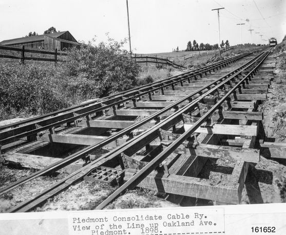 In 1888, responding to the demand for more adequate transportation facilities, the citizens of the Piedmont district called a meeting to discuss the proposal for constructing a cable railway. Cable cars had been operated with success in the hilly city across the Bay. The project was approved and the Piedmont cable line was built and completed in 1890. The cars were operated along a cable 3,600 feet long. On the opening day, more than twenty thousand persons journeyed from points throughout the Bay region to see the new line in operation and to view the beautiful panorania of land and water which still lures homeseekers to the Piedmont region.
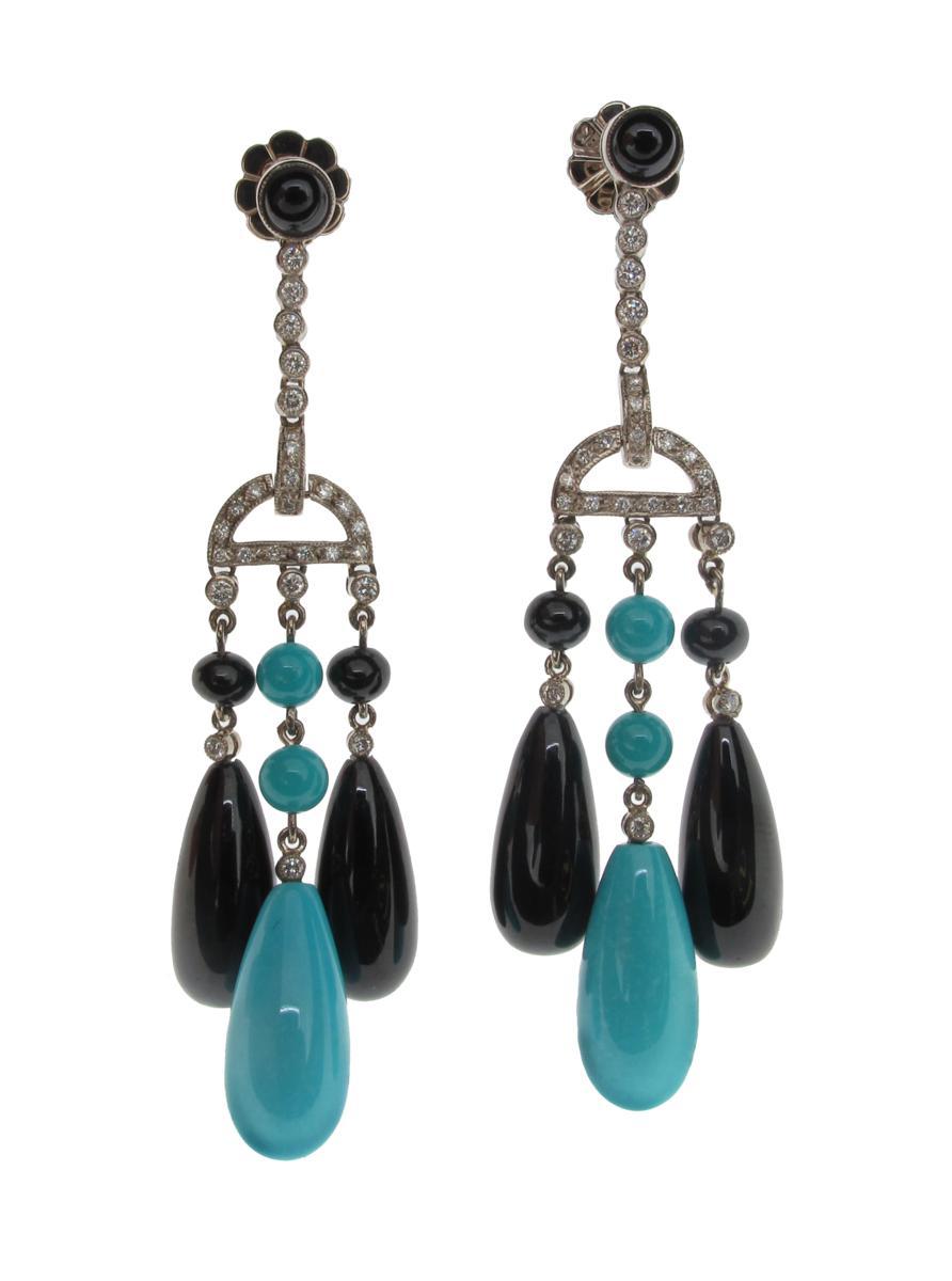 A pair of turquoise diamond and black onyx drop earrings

* * *

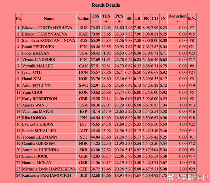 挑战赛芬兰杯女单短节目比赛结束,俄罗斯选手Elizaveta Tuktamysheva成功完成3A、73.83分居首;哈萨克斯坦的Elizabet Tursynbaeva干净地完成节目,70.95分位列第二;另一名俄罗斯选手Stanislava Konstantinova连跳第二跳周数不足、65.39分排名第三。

* * *

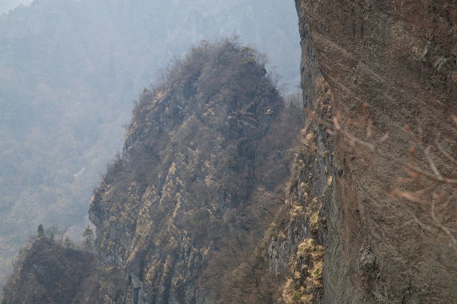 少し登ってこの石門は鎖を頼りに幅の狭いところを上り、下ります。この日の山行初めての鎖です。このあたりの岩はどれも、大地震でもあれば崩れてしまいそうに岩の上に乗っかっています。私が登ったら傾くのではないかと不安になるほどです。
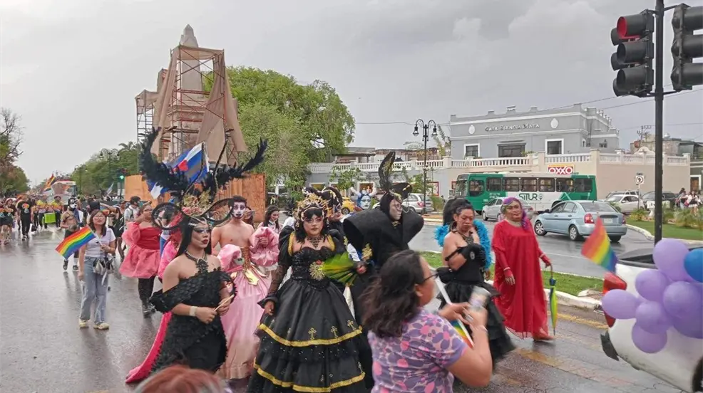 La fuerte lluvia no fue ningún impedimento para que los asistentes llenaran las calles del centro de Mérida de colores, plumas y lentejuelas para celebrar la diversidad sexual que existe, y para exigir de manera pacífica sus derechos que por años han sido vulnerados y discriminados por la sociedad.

EXERCISE DIRECTIONS: Print an exact copy of the lines above, from the one containing "少し登ってこの石門は鎖を頼り" through the one containing "La fuerte lluvia", and leave out the pictures.

EXERCISE OUTPUT:
 少し登ってこの石門は鎖を頼りに幅の狭いところを上り、下ります。この日の山行初めての鎖です。このあたりの岩はどれも、大地震でもあれば崩れてしまいそうに岩の上に乗っかっています。私が登ったら傾くのではないかと不安になるほどです。
 La fuerte lluvia no fue ningún impedimento para que los asistentes llenaran las calles del centro de Mérida de colores, plumas y lentejuelas para celebrar la diversidad sexual que existe, y para exigir de manera pacífica sus derechos que por años han sido vulnerados y discriminados por la sociedad.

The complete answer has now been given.